[MATERIAL PROVIDED Boundary: Start]
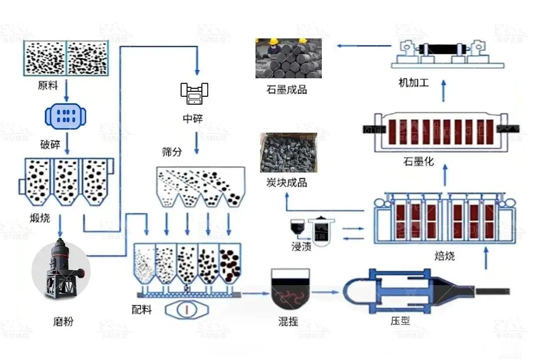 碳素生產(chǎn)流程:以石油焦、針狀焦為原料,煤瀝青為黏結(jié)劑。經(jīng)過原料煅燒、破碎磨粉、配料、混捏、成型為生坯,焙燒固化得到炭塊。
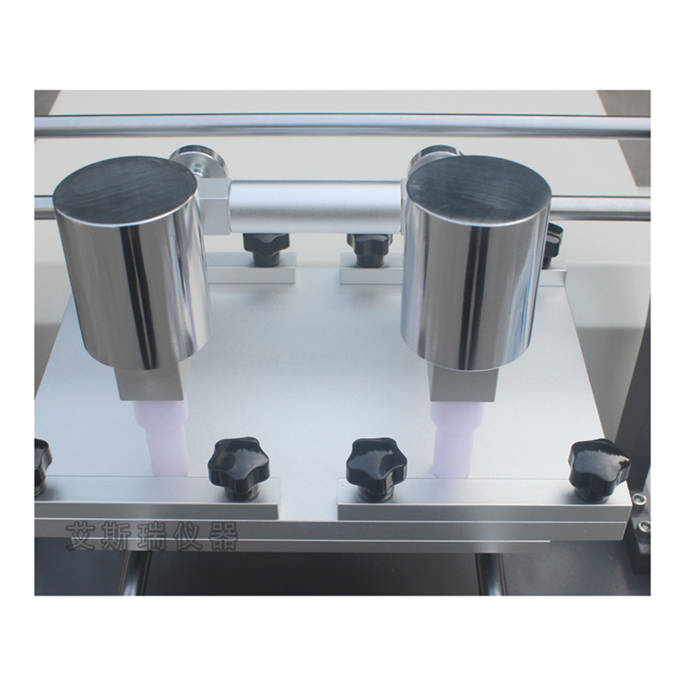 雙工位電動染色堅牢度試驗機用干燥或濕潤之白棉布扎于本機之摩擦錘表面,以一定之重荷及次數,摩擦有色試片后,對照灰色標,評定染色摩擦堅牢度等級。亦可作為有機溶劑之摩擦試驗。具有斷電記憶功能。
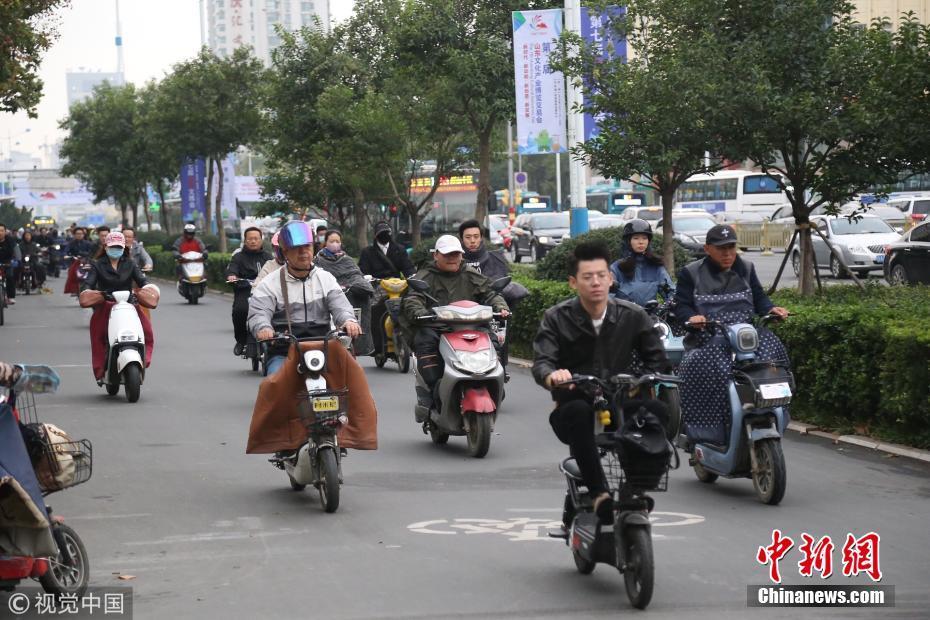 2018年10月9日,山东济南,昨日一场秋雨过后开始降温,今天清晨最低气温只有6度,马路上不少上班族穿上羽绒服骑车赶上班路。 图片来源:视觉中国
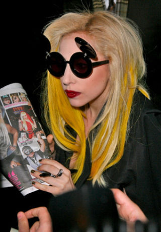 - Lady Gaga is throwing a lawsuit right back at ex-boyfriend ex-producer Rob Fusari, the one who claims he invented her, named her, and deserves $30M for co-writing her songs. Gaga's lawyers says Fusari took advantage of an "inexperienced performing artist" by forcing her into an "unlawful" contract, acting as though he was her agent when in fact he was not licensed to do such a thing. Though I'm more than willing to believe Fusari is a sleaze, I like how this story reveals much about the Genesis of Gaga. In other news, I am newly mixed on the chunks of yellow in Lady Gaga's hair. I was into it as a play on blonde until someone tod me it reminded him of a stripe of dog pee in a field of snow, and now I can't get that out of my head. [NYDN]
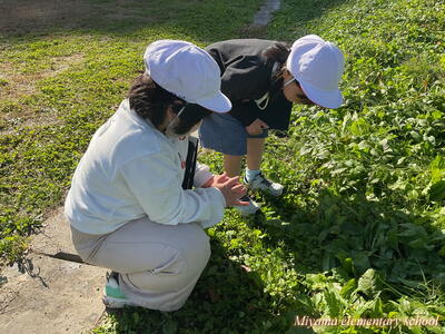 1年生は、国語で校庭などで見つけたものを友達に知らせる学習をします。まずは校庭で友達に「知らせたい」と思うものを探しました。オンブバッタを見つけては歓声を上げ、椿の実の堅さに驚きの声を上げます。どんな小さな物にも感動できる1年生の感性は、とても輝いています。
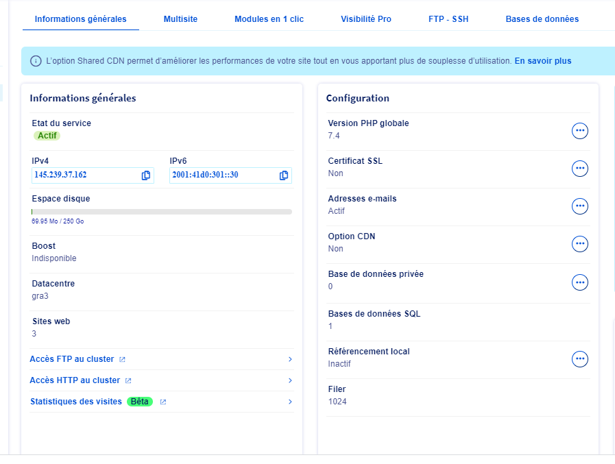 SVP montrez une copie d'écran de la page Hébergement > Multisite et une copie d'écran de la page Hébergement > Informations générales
[MATERIAL PROVIDED Boundary: End]
EXERCISE DESCRIPTION: Copy exactly, and copy nothing else: the lines from the one containing "雙工位電動染色堅牢度試驗機用" through the end of the data, both ends included, with pictures left out.

RESPONSE AREA:
 雙工位電動染色堅牢度試驗機用干燥或濕潤之白棉布扎于本機之摩擦錘表面,以一定之重荷及次數,摩擦有色試片后,對照灰色標,評定染色摩擦堅牢度等級。亦可作為有機溶劑之摩擦試驗。具有斷電記憶功能。
 2018年10月9日,山东济南,昨日一场秋雨过后开始降温,今天清晨最低气温只有6度,马路上不少上班族穿上羽绒服骑车赶上班路。 图片来源:视觉中国
 - Lady Gaga is throwing a lawsuit right back at ex-boyfriend ex-producer Rob Fusari, the one who claims he invented her, named her, and deserves $30M for co-writing her songs. Gaga's lawyers says Fusari took advantage of an "inexperienced performing artist" by forcing her into an "unlawful" contract, acting as though he was her agent when in fact he was not licensed to do such a thing. Though I'm more than willing to believe Fusari is a sleaze, I like how this story reveals much about the Genesis of Gaga. In other news, I am newly mixed on the chunks of yellow in Lady Gaga's hair. I was into it as a play on blonde until someone tod me it reminded him of a stripe of dog pee in a field of snow, and now I can't get that out of my head. [NYDN]
 1年生は、国語で校庭などで見つけたものを友達に知らせる学習をします。まずは校庭で友達に「知らせたい」と思うものを探しました。オンブバッタを見つけては歓声を上げ、椿の実の堅さに驚きの声を上げます。どんな小さな物にも感動できる1年生の感性は、とても輝いています。
 SVP montrez une copie d'écran de la page Hébergement > Multisite et une copie d'écran de la page Hébergement > Informations générales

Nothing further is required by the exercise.